The immense diversity and metabolic versatility of microorganisms are beginning to be exploited in an ever-increasing number of industrial applications. The advantages of using microorganisms, as outlined below, are manifold, but unless bio-industrial processes are competitive with traditional methods their potential will not be realised. By using new and exciting techniques to manipulate genes, natural diversity can be extended to increase yield, rate and specificity, thereby making reactions more efficient and economical. The drive towards sustainable development has led to a green revolution in chemistry. Microbial transformations require milder conditions than chemically catalysed reactions and are more specific, resulting in cleaner, greener processes. Renewable raw materials, and even waste products, can be worked by microorganisms to create useful products ranging from fuels to food supplements, reducing reliance on non-sustainable, petroleum-based products. Moreover, biotransformations can result in stereo- and regio-selective products, which are becoming a prerequisite for the manufacture of pharmaceuticals and other so-called 'fine chemicals'.

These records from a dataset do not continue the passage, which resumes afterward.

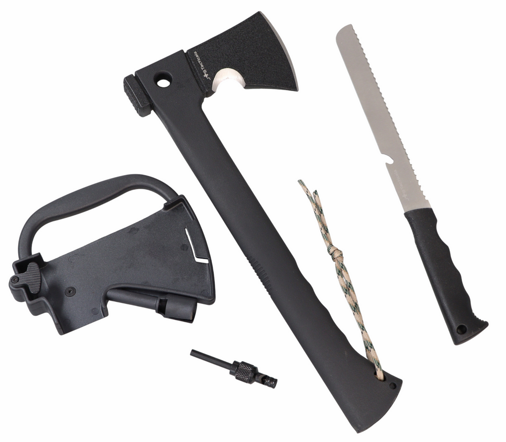 - Dodatki: krzesiwo z gwizdkiem, ukryty nóż z piłą i otwieraczem, młotek, przecinak do lin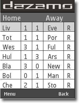 Dazamo offers real-time football results via java app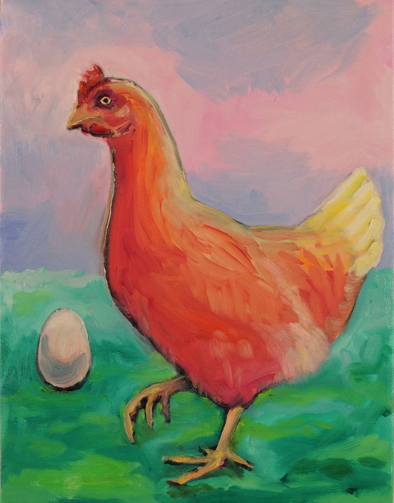 Painting is my passion and work, i could not do anything else. I love animals. Chickens are very interesting. Primordial animals, mysterious and little monsters, but also clever and curious and affective.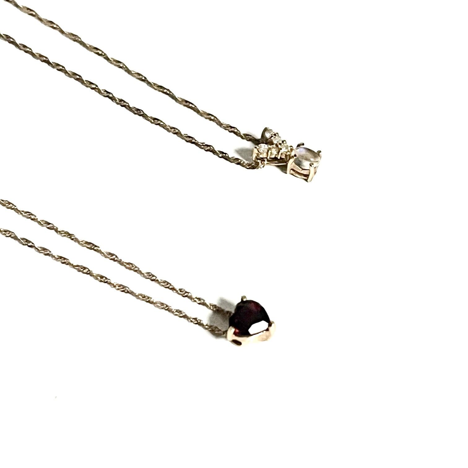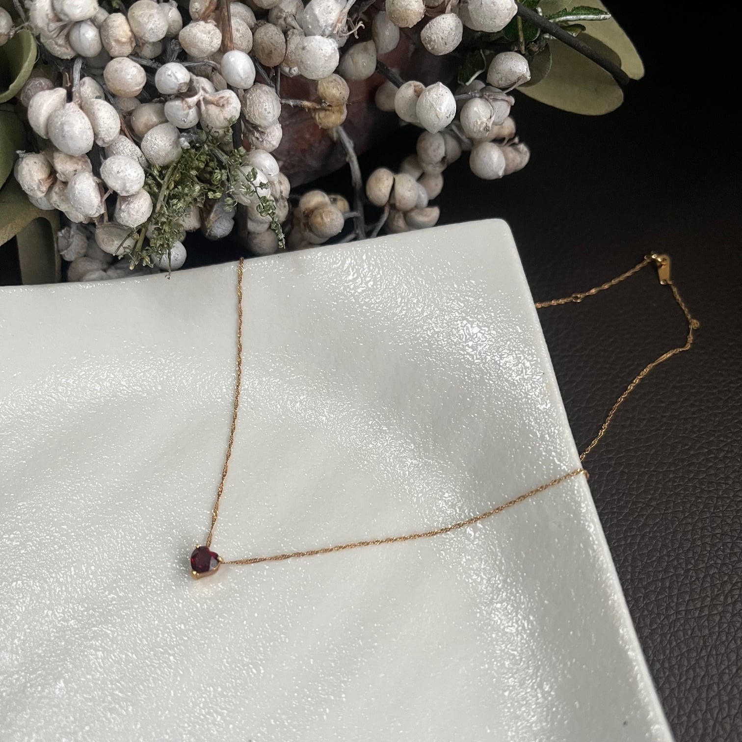 極細チェーンに極小ガーネットが気兼ねなく身につけられる小さなオシャレアイテムです。
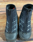 Boots are the most obviously distinctive family of nordic ski boots. They have a 75mm wide "duck bill" at the front of the boot, with three holes on the bottom of the bill that line up with the pins on their appropriate binding.

Some microbial products, such as bioadhesives and biopolymers, are biodegradable, which not only serves to protect the environment, but also improves targeted drug delivery. From using Bacillus species as templates for silicone nano-devices to the employment of bacteriorhodopsin as an information storage device, even the computer industry cannot escape the impact of microorganisms.
In this module, we will cover microbial biodiversity and how to access it, e.g. using metagenomics. We will consider the principles of enzymatic reactions and state-of-the-art approaches being used to improve them. We will examine the evolution of techniques to enhance metabolite yield and diversity, using metabolic pathway engineering and systems biology approaches. We will consider diverse examples in which biology has been exploited to make useful products, ranging from pharmaceuticals, vitamins, amino acids, biofuels, electricity, biomaterials and nano-products.

LEARNING OUTCOMES:
1. understand the fundamental mechanisms that underpin industrial biotechnology;
2. explain the importance of biological diversity, and the approaches used to enhance natural diversity in order to create new products;
3. illustrate the advantages (and disadvantages) of biological compared with traditional chemical processes;
4. describe how multi-disciplinary approaches are resulting in new processes and hybrid materials;
5. outline the main applications of biotechnology in industry, focusing on novel technologies.